#### SOURCE DATA:
*** Block opens ***

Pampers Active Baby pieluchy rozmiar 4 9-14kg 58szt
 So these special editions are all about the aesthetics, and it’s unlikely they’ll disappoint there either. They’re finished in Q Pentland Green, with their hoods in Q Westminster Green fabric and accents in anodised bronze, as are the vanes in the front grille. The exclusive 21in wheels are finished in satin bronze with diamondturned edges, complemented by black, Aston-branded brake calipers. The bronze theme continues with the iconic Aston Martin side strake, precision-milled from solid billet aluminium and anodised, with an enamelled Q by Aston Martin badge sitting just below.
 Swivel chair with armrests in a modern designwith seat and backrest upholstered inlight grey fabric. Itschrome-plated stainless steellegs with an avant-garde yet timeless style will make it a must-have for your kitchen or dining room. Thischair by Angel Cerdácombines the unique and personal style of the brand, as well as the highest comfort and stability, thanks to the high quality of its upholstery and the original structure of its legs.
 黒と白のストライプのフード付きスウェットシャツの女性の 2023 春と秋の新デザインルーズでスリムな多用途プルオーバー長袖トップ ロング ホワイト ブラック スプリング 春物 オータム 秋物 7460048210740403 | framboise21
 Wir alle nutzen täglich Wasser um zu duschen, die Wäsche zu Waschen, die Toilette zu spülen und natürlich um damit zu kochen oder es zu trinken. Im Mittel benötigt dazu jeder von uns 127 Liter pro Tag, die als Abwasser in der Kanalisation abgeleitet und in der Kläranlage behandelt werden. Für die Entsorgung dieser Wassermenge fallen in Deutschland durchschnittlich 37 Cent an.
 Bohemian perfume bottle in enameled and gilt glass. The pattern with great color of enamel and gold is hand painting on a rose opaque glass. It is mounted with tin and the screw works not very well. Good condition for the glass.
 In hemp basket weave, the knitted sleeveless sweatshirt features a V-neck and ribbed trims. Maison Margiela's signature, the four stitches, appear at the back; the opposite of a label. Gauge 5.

*** Block closes ***
*** Block opens ***

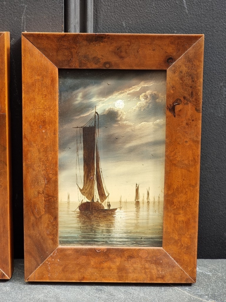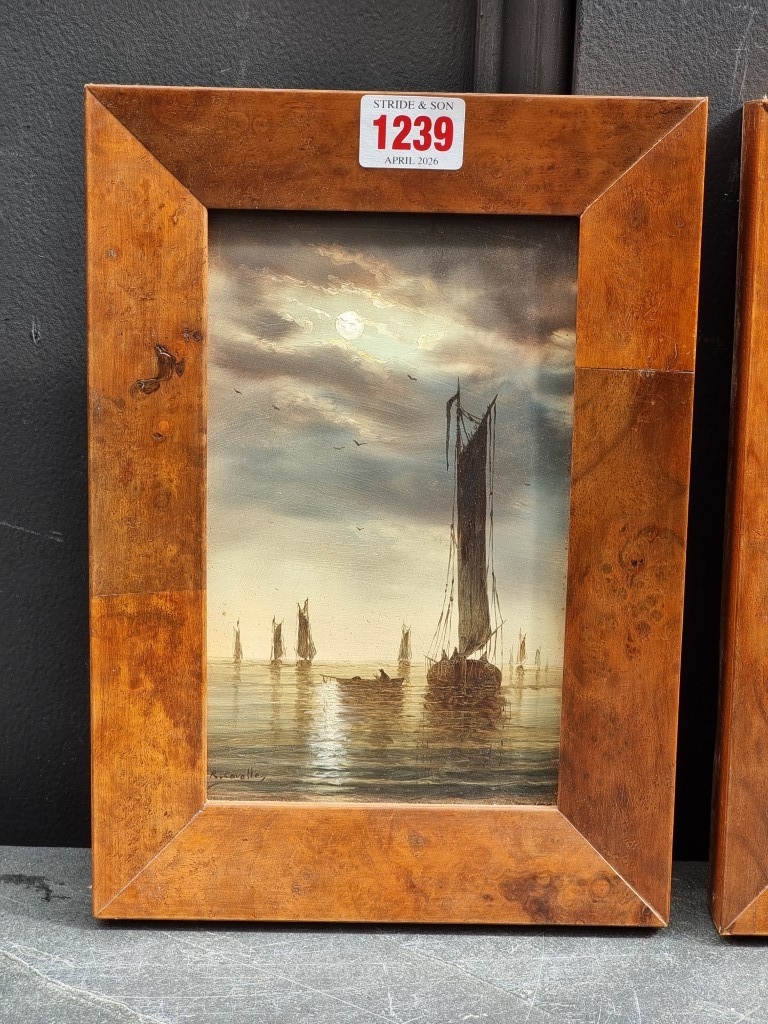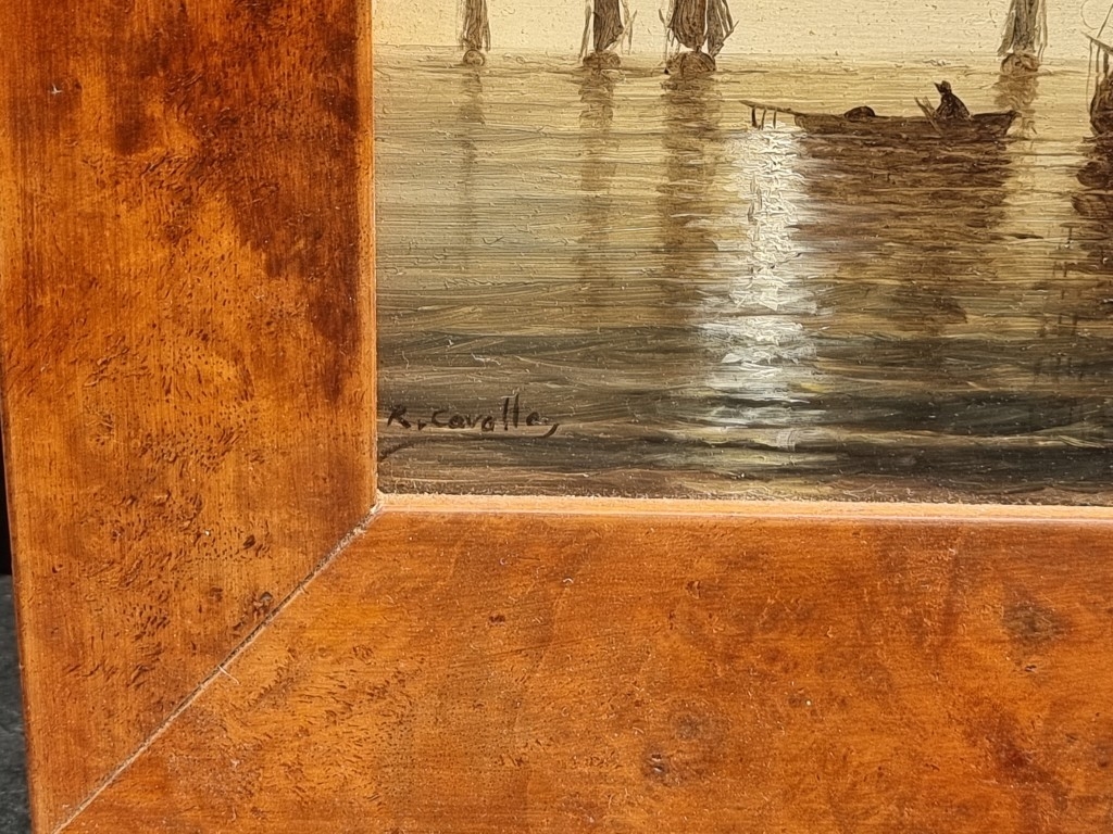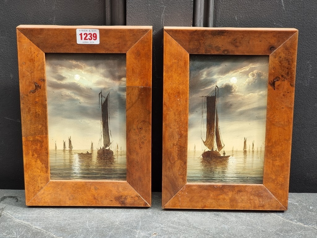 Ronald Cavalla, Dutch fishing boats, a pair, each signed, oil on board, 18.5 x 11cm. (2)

*** Block closes ***
*** Block opens ***

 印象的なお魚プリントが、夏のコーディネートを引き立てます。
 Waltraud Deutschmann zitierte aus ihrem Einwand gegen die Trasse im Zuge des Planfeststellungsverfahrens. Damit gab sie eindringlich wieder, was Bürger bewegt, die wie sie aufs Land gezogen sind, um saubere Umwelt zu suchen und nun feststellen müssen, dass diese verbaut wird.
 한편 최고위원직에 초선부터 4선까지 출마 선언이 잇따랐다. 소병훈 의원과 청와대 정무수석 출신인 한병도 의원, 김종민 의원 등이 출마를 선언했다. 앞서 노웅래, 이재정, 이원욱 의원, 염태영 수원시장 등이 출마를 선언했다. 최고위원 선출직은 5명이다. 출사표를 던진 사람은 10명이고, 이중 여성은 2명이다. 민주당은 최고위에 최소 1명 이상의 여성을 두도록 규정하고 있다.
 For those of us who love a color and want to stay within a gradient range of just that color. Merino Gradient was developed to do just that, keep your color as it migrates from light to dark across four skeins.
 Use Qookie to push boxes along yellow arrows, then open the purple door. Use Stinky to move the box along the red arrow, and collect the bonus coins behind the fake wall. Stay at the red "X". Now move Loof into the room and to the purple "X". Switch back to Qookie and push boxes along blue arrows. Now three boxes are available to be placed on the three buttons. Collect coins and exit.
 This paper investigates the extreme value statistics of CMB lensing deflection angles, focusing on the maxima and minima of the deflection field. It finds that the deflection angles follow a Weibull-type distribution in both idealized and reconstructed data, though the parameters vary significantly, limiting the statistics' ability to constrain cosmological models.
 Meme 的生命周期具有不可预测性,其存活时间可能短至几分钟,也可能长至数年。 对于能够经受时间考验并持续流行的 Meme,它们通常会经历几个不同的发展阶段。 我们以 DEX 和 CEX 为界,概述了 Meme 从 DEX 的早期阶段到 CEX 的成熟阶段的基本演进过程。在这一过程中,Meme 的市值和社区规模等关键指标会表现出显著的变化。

*** Block closes ***

Your answer should consist of the lines of the listing that contain "four", copied as they stand.

#### OUTPUT OF THE TASK:
 In hemp basket weave, the knitted sleeveless sweatshirt features a V-neck and ribbed trims. Maison Margiela's signature, the four stitches, appear at the back; the opposite of a label. Gauge 5.
 For those of us who love a color and want to stay within a gradient range of just that color. Merino Gradient was developed to do just that, keep your color as it migrates from light to dark across four skeins.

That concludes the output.